We stumbled across this magnificent video of the 1937 Grand Prix season on line, and felt it deserved a little explanation. This was a golden period for motorsport with cars that were hugely powerful compared to road cars of the times and at the cutting edge of current technology.
European champion Rudolf Carraciola’s Mercedes-Benz W125 produced 650BHP from its supercharged 5.6 litre engine, an increase of 150BHP on the W25 that Mercedes had raced previously. Speeds were high - Carraciola averaging 160mph for his heat in the non-championship race at the German AVUS circuit.
A number of big names - including Carrciola, Bernd Rosemeyer, Richard Seaman and Tazio Nuvolari - missed the opening round of the European Championship at Spa-Francorchamps as they were racing the less than a week earlier in the US, Rudolf Hasse taking his first win for Auto Union, heading home team-mate Hans Stuck by 42 seconds.
The top drivers were back two weeks later for the German Grand Prix at the Nurburgring, Carraciola winning from Mercedes team-mate Manfred von Brauchitsch with Auto Unions filling the next there places. The big cars were always going to be a handful at Monaco, von Brauchitsch winning in over three hours with Carraciola over a minute behind despite taking pole and setting fastest lap.
From then on it was Carraciola’s season, a win in the Swiss GP at Bremgarten coming as team-mate Hermann Lang closed in late in the race but was ordered to hold position.

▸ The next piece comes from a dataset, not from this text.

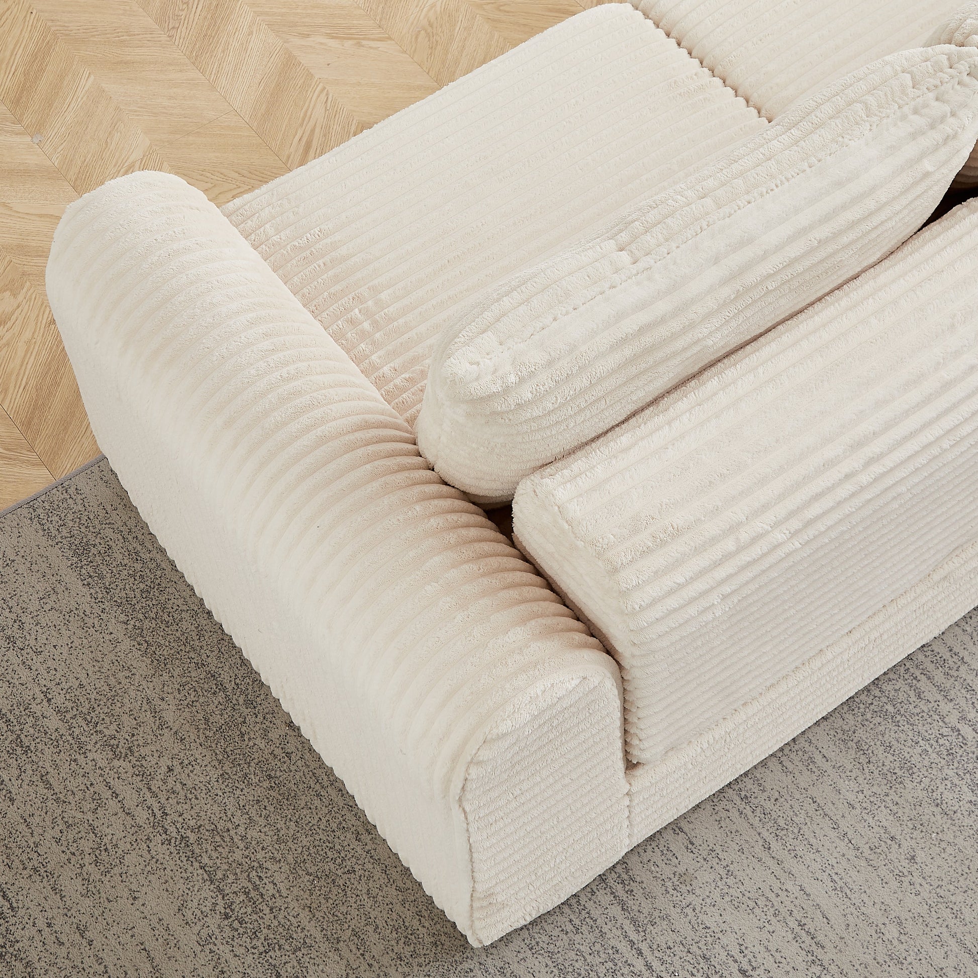 Upholstered in corduroy fabric, this sofa offers a comfortable experience. The fabric features a pronounced pile texture that creates subtle variations in sheen when touched, providing a particularly appealing effect. Please note that the sofa's color may appear slightly different under varying lighting conditions and ambient colors, which is perfectly normal.

Interestingly, for this race Nuvolari was out in an Auto Union rather than the Alfa Romeo he was usually seen in, the tricky car taxing even one of the greats in the wet conditions and from eighth he was called in to hand the car over to Rosemeyer, who finished fifth.
The final race at the Italian Circuit de Montenegro in Livorno saw Carraciola have to fight for his win, Lang right with him and finishing less than half a second behind at the end.
As well as the five points scoring races there were numerous other Grand Prix an major races across Europe. The British, whose racing had been dominated by Brooklands for many years, received a wake up call as to where the European racers had reached with their Grand Prix cars when some of the leading names raced at Donington Park in early October, Rosemeyer winning for Auto Union with the first British car three laps down and not classified in the results.
European Championship Points:
1 Rudolf Caracciola (D) 13 points
2 Manfred von Brauchitsch (D) 15
3 Hermann Lang (D) 19
= Christian Kautz (SWI) 19
5 Hans Stuck (D) 20
6 Raymond Sommer (FRA) 27
7 Rudolf Hasse (D) 28
= Bernd Rosemeyer(D) 28
= Tazio Nuvolari (ITA) 28
= Guiseppe Farina (ITA) 28
Note: The scoring system for the championship was far removed from modern systems - with 1 point awarded for a win, two for second, three for third, but then four points awarded for completing 75% of the race, five for over 50% down to seven points for less than 25%.
Missing a race saw a driver awarded eight points, the same as for being disqualified.